──────── WORKING DATA
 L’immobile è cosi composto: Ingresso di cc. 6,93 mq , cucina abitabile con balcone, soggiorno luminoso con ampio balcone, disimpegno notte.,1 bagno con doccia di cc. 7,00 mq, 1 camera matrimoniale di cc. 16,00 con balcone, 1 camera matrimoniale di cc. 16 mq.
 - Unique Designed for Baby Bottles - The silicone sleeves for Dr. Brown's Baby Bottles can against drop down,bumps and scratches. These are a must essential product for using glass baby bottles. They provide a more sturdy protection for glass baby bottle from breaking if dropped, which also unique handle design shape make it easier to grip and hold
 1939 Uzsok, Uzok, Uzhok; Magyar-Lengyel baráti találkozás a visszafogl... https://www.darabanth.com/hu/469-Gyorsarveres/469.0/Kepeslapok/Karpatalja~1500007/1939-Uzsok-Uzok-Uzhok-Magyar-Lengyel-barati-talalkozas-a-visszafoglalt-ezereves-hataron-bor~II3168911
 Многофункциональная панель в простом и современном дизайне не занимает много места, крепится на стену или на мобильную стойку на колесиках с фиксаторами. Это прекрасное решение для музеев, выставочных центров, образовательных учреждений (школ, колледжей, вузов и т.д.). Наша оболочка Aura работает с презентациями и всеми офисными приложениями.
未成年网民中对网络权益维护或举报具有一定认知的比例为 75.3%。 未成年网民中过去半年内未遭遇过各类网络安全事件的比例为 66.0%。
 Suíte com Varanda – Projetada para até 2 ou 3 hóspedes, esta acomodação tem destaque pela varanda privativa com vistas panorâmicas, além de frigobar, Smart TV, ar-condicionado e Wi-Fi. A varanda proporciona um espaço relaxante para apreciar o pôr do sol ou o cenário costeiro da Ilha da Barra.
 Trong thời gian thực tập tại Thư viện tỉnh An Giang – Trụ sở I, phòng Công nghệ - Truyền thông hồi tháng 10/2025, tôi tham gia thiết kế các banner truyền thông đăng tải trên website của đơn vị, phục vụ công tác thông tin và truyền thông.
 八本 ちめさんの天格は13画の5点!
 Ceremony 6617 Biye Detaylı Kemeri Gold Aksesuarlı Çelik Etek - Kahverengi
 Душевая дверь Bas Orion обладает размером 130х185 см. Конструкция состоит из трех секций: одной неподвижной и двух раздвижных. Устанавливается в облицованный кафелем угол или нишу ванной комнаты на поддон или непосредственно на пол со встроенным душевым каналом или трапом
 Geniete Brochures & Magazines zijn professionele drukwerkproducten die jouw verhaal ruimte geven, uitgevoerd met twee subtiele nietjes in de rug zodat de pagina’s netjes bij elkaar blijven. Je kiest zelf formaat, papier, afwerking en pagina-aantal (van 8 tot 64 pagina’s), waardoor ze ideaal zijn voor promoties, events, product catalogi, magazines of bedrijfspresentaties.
────────────────
_WORK REQUEST_
Nothing but the lines from the one with "Suíte com Varanda" through the final line of the records above should appear, each copied exactly.

_EXERCISE SOLUTION_
 Suíte com Varanda – Projetada para até 2 ou 3 hóspedes, esta acomodação tem destaque pela varanda privativa com vistas panorâmicas, além de frigobar, Smart TV, ar-condicionado e Wi-Fi. A varanda proporciona um espaço relaxante para apreciar o pôr do sol ou o cenário costeiro da Ilha da Barra.
 Trong thời gian thực tập tại Thư viện tỉnh An Giang – Trụ sở I, phòng Công nghệ - Truyền thông hồi tháng 10/2025, tôi tham gia thiết kế các banner truyền thông đăng tải trên website của đơn vị, phục vụ công tác thông tin và truyền thông.
 八本 ちめさんの天格は13画の5点!
 Ceremony 6617 Biye Detaylı Kemeri Gold Aksesuarlı Çelik Etek - Kahverengi
 Душевая дверь Bas Orion обладает размером 130х185 см. Конструкция состоит из трех секций: одной неподвижной и двух раздвижных. Устанавливается в облицованный кафелем угол или нишу ванной комнаты на поддон или непосредственно на пол со встроенным душевым каналом или трапом
 Geniete Brochures & Magazines zijn professionele drukwerkproducten die jouw verhaal ruimte geven, uitgevoerd met twee subtiele nietjes in de rug zodat de pagina’s netjes bij elkaar blijven. Je kiest zelf formaat, papier, afwerking en pagina-aantal (van 8 tot 64 pagina’s), waardoor ze ideaal zijn voor promoties, events, product catalogi, magazines of bedrijfspresentaties.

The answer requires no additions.